== RECORDS FOR PROCESSING

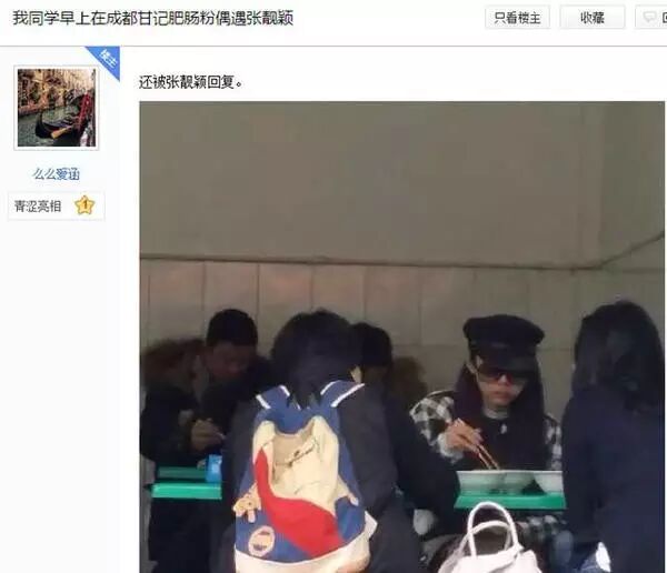 已经是国际范儿的靓颖了,来蓉都要去苍蝇馆子吃碗粉儿,看来吃了肥肠粉儿才能吼出海豚音啊。
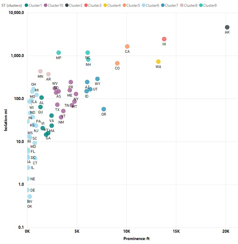 * – Note that Connecticut doesn’t have prominence or isolation because it is a contour line on the side of Mt Frissell. Thus these measures have no meaning.
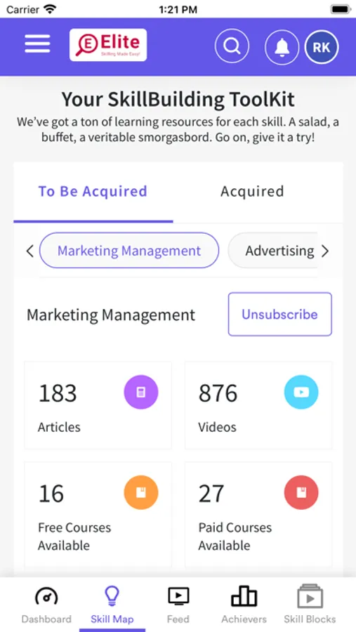 Ever wished for a personal trainer to keep you motivated and on track to achieve your professional goals? Elite brings you your very own personal skilling advisor. He will bully you and cheer you on till you reach your goal. Elite gives you the choice to learn any skill through videos, podcasts, webinars, articles and of course conventional courses.
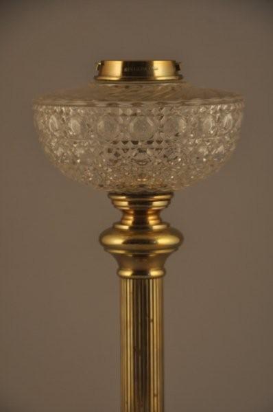 LAMPE À HUILE SUR COLONNE en bronze doré et verre moulé en cabochon par la maison "EVERED & CO LP" (manques).
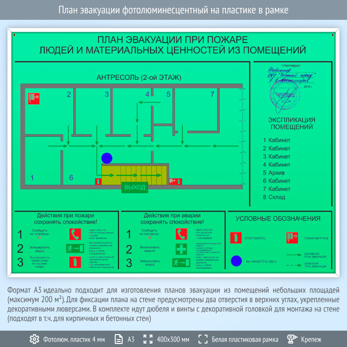 План эвакуации фотолюминесцентный на пластике в рамке (А3 формат) в Черкесске купить

====

TASK PROMPT:
Retype the listing above exactly, please. Pictures do not belong in the copy.

ANSWER BELOW:
 已经是国际范儿的靓颖了,来蓉都要去苍蝇馆子吃碗粉儿,看来吃了肥肠粉儿才能吼出海豚音啊。
 * – Note that Connecticut doesn’t have prominence or isolation because it is a contour line on the side of Mt Frissell. Thus these measures have no meaning.
 Ever wished for a personal trainer to keep you motivated and on track to achieve your professional goals? Elite brings you your very own personal skilling advisor. He will bully you and cheer you on till you reach your goal. Elite gives you the choice to learn any skill through videos, podcasts, webinars, articles and of course conventional courses.
 LAMPE À HUILE SUR COLONNE en bronze doré et verre moulé en cabochon par la maison "EVERED & CO LP" (manques).
 План эвакуации фотолюминесцентный на пластике в рамке (А3 формат) в Черкесске купить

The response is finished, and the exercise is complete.